What is inductive discipline, and how does it motivate children's active commitment to moral standards?

What will be an ideal response?


Answer: Using induction, an adult helps make the child aware of feelings by pointing out the effects of the child's misbehavior on others, especially noting their distress and making clear that the child caused it. For example, a parent might say, "If you keep pushing him, he'll fall down and cry" or "She's crying because you won't give back her doll." When generally warm parents provide explanations that match the child's capacity to understand, while firmly insisting that the child listen and comply, induction is effective as early as age 2. Preschoolers whose parents use it are more likely to refrain from wrongdoing, confess and repair damages after misdeeds, and display prosocial behavior.

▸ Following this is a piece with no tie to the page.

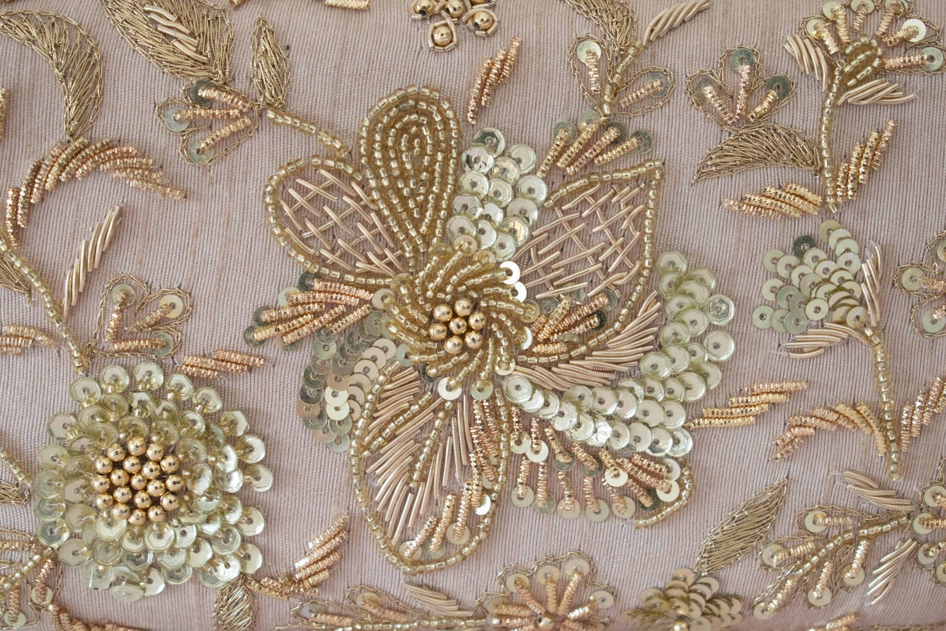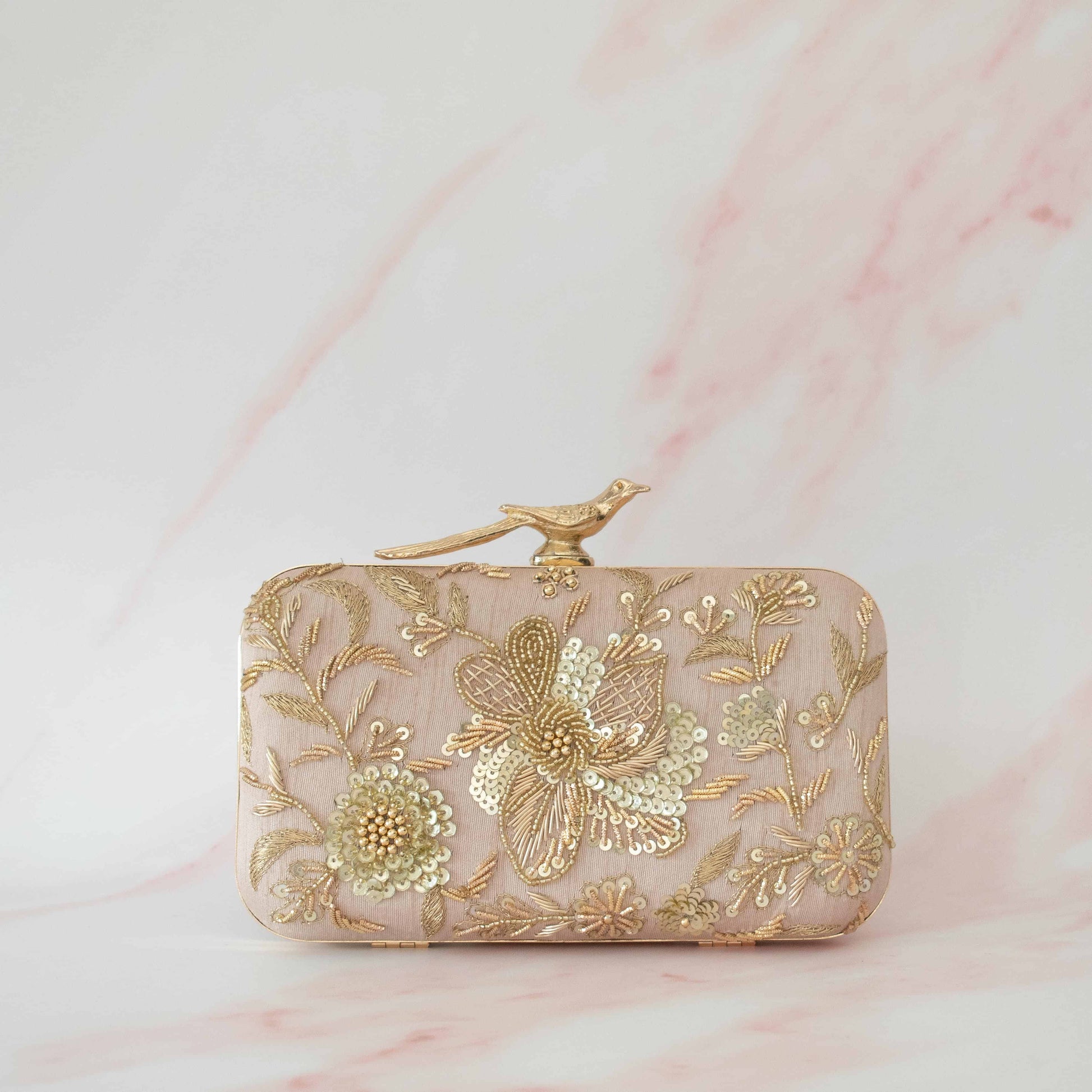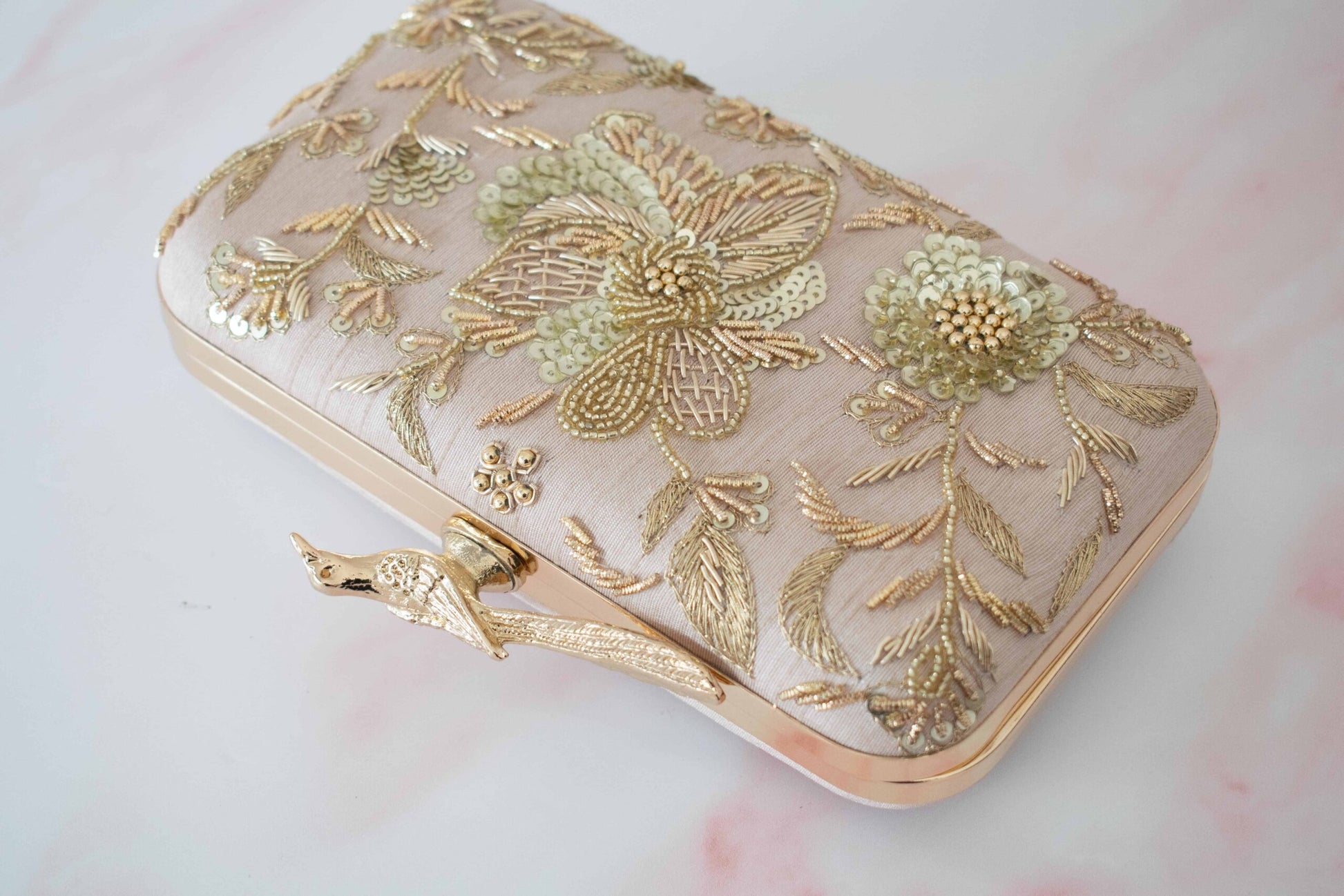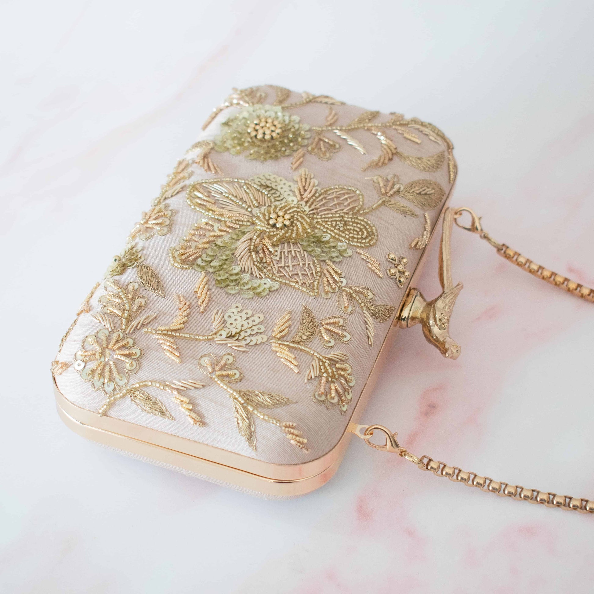 Introducing Arisha (Nude) – a stylish silk clutch perfect for unique tastes. Adorned with luxurious gold floral embroidery and a chic bird clasp, this clutch is both elegant and eye-catching. Sized at 8 x 4 inches and includes a shoulder chain for versatile wear. Perfect for adding a touch of sophistication to any outfit.

The success of induction may lie in its power to motivate children's active commitment to moral standards in the following ways:
• Induction gives children information about how to behave that they can use in future situations.
• By emphasizing the impact of the child's actions on others, induction encourages empathy and sympathetic concern, which motivate prosocial behavior.
• Giving children reasons for changing their behavior encourages them to adopt moral standards because those standards make sense.
• Children who consistently experience induction may form a script for the negative emotional consequences of harming others: Child causes harm, inductive message points out harm, child feels empathy for victim, child makes amends. The script deters future transgressions.